Emma bit her lip. “I knew you couldn’t understand. I had to snub you, as you call it, because you wanted to drive Pilar and me back
there, and she was afraid of what Leonore might think. But I don’t suppose you’ve ever realized how much Pilar’s happiness or wretchedness used to be influenced by what Leonore ‘thought’?”
“I can guess, I believe. In fact, at the beginning I saw as much of Leonore as I did, partly for Pilar’s sake. Someone had to protect the child, I felt, and by going pretty often to see Leonore, I could also keep an eye on her. After you came, I could leave Pilar to you, I knew. But then, you see,” Mark smiled wickedly, “I had to frequent the villa as often as before in order to see you!”

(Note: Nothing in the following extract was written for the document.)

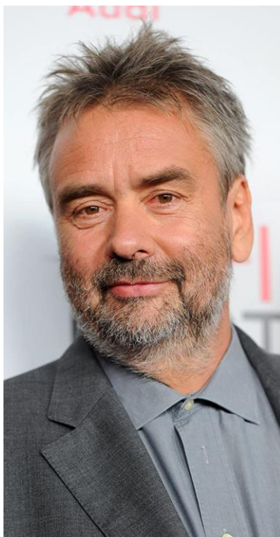
Slika 2. Luc Besson, francuski redatelj

Luc Besson je francuski redatelj, producent i scenarist rođen 1959. godine u Parizu. Uz roditelje koji su bili instruktori ronjenja zaljubio se u more i u mladosti je htio postati marinac no nakon nesreće u sedamnaestoj godini odlazi s Mediterana i vraća se u Pariz gdje razvija zainteresiranost za kinematografiju i film. Nakon što je odslužio vojsku s devetnaest godina odlazi u Hollywood gdje radi kao ispomoć u filmskim studijima. Povratkom u Francusku odlučuje se baviti filmskim stvaralaštvom pri čemu je u početku radio kao asistent na mnogobrojnim manje poznatim filmovima surađujući s Patrickom Grandperretom, Claudeom Faraldom, Mauricom Pialatom i drugima 7 . Godine 1980. napravio je svoj prvi film u crno bijeloj verziji „L'avant - dernier“ kao postapokaliptični film s elementima znanstvenofantastične drame te osvojio mnogobrojna priznanja i nagrade. To ga je potaknulo na daljnje filmsko stvaralaštvo. U naredne tri godine napravio je još dva filma i do 1983. godine se intenzivno počeo baviti filmom. Te godine izlazi njegov prvi veći film „Le Deriner Combat“, a dvije godine poslije „Subway“ crna komedija koja

“But Leonore claimed you were engaged!”
“I’ve told you - before I met you, we were probably at the brink of it. Not for love on either side. That was well understood. But Leonore is decorative, to say the least, and she would never put a social foot wrong, even if she never in her life put a sympathetic one right. And I deluded myself that when a man reaches my age without having loved, the decorative and social qualities must count instead.”
“Haven’t you ever loved, Mark?”
“I’ve known since - when was it, a day in July? - that I’d never really loved before, for all the times that I confess I’ve tried! As for Leonore, after a time I knew quite well that she was having to weigh her feeling for Galatas against the value of marriage to me.”
“You knew, then, that it wasn’t only on his side? That she wanted him too?”
“I suspected it. And then it was confirmed for me. I came early to the villa one night to call for Leonore, and while I was waiting on the patio, they were together on the balcony to Leonore’s room
Emma said, breathlessly: “One night, when the levante was blowing? You knew they were there? You’d heard what they said?”
“Enough to underline all I’d suspected - that they were having an affair which Leonore wanted to keep from me. And even if I’d thought of her seriously before that, can you imagine I would have married her after it? But —” he paused, working something out, “how do you know which night it was? The levante was blowing, as a matter of fact.”